Prompt: Only the lines from the one bearing "针对行业目前高度关注的绿色低" through the end of the listing belong in your response, restated word for word and without pictures.

Material provided:
Start of Block

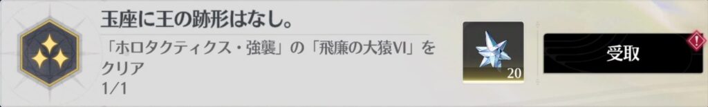 特殊モーションが条件のため、Ver.1.0〜Ver.1.4の期間の深層空想秘境でしか獲得できなかった実績です。
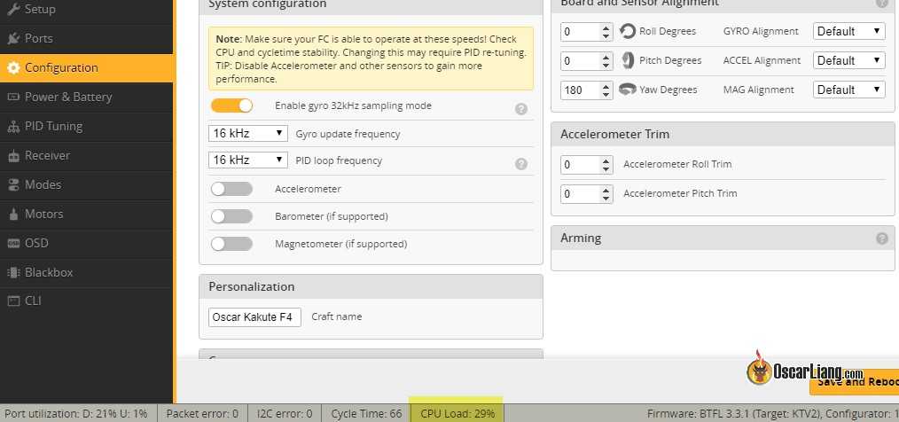 Если вы включили все что нужно и ненужно, то скорее всего, процессор будет загружен на полную. Отключите лишние функции и постарайтесь добиться загрузки процессора до 50%. В противном случае, при полной загрузке полетный контроллер запретит взлет.
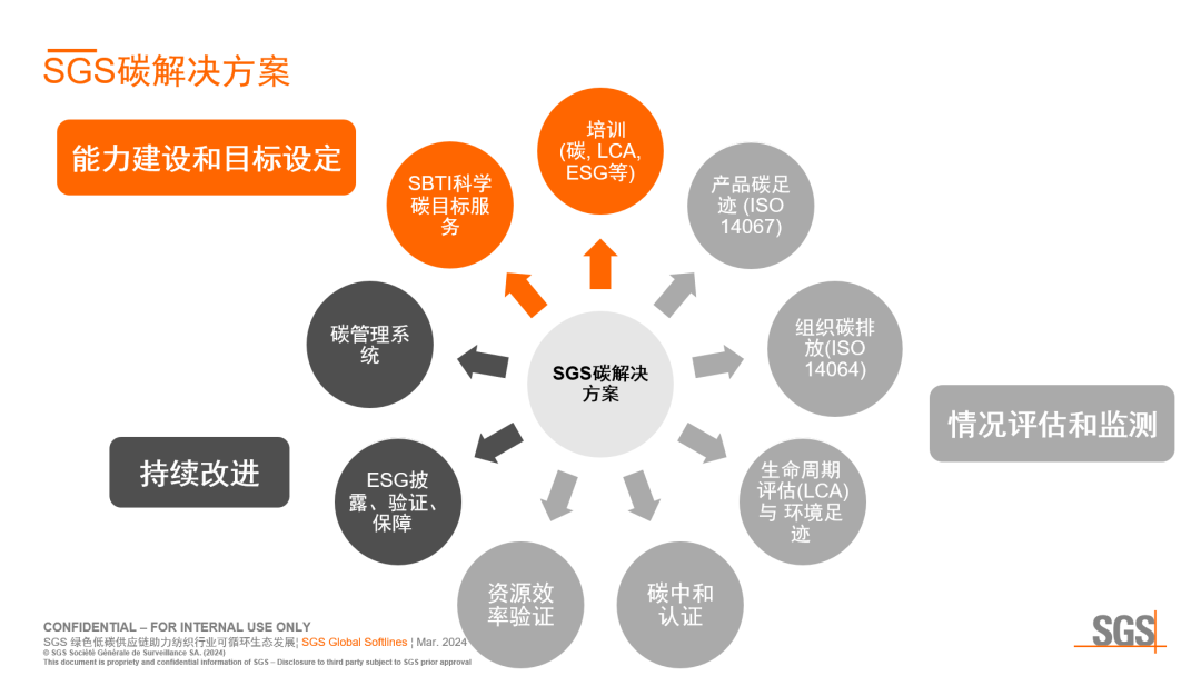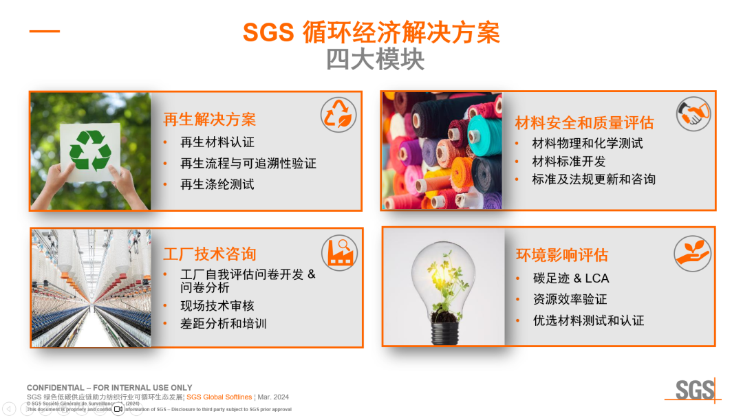 针对行业目前高度关注的绿色低碳转型问题,朱青博士分享了再生解决方案、材料安全和质量评估、工厂技术咨询、环境影响评估为代表的SGS循环经济解决方案以及SGS碳解决方案。
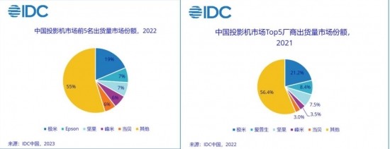 在品牌格局方面,IDC数据显示,2022年中国投影市场出货量前五依然是:极米(19%)、爱普生(7%)、坚果(7%)、峰米(6%)和当贝(6%),和2021年相比名单排序没有变化。

End of Block

Solution to the exercise:
 针对行业目前高度关注的绿色低碳转型问题,朱青博士分享了再生解决方案、材料安全和质量评估、工厂技术咨询、环境影响评估为代表的SGS循环经济解决方案以及SGS碳解决方案。
 在品牌格局方面,IDC数据显示,2022年中国投影市场出货量前五依然是:极米(19%)、爱普生(7%)、坚果(7%)、峰米(6%)和当贝(6%),和2021年相比名单排序没有变化。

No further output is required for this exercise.